Another agency director provided even more damning testimony. Cross-examined about the meeting, Susan Kramer said Lavergne specifically told her Immigration counterpart, Michel Dupuis, that a positive risk assessment “could have a serious impact” on the Wanted list, including the prospect it “could no longer be used.” Kramer also described the meeting as “odd,” saying she would never have organized it herself. “If you want an independent decision,” she testified, “then I think we need to be careful not to give the impression that it’s not independent.”

Amazingly, Kramer also said she felt “comfortable,” after the meeting, that CBSA would receive the ruling it wanted. “It’s hard for me to explain it,” she testified. “It’s because we don’t normally meet with an independent decision-maker ahead of the decision, and I guess that particular action left me feeling confident. It would be something like if the litigator’s boss went and talked to the Chief Justice of the Federal Court. I can’t imagine the litigator not feeling somewhat confident from that action.”

In the end, CBSA did receive the decision it desired.

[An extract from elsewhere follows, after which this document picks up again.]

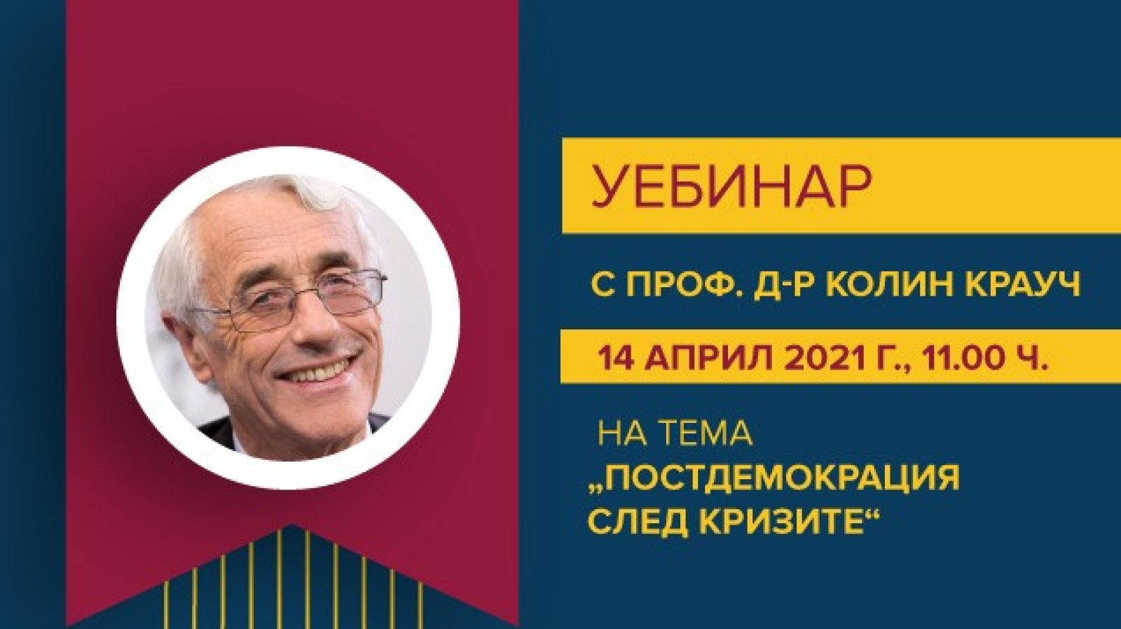 Темата на онлайн срещата с проф. д-р. Крауч е „Постдемокрация след кризите“. Това е и заглавието на най-новата книга на проф. Крауч, издадена на български език в края на 2020 г. Самият термин постдемокрация е измислен от него през 2000 г.

Two weeks after the meeting, a minister’s delegate overruled the preliminary opinion, concluding that Muhammad is “unlikely” to be tortured if deported. Although that finding was later declared “unreasonable and contradictory” by a Federal Court judge, a second delegate assigned to reassess the file reached the same conclusion as the ?rst: Muhammad’s removal should go ahead.

It was only last May—when Muhammad’s lawyers first learned about the now-infamous meeting—that they filed yet another appeal in Federal Court.

In their submissions, government lawyers insist that no one from the Canada Border Services Agency attempted to in?uence Muhammad’s risk assessment and, even if they did try, there is no evidence they succeeded. As Dupuis from Immigration testified, he allows the minister’s delegates under his authority to reach their own conclusions. He doesn’t discuss their cases with them, and neither delegate had any knowledge of the February 2012 meeting, or CBSA’s worries about how Muhammad’s case could affect the Wanted list. “The substance of the meeting itself should not be given the nefarious characterization attributed to it by the applicant,” government lawyers wrote. “Ms. Lavergne, having concerns with the risk opinion, merely expressed her concerns to Mr. Dupuis.”

But even that, Muhammad’s lawyer argues, constitutes “direct interference in the decision-making process” and “an abuse of process that would bring the administration of justice into disrepute.” The overriding goal, Waldman charges, was to save the government’s new pet project from negative publicity. “To interfere in the decision-making process in a situation where the issue at stake was the risk of torture faced by the applicant because of ‘political’ concerns is clearly an improper motivation” and “calls for the most serious sanction from the Court,” he wrote.

If a judge agrees, Muhammad’s removal will certainly be postponed—again. In the best-case scenario, he will be released from his Toronto detention cell and stuck in immigration limbo for years to come: ordered deported, but illegal to deport.

He may complete that bathroom renovation after all.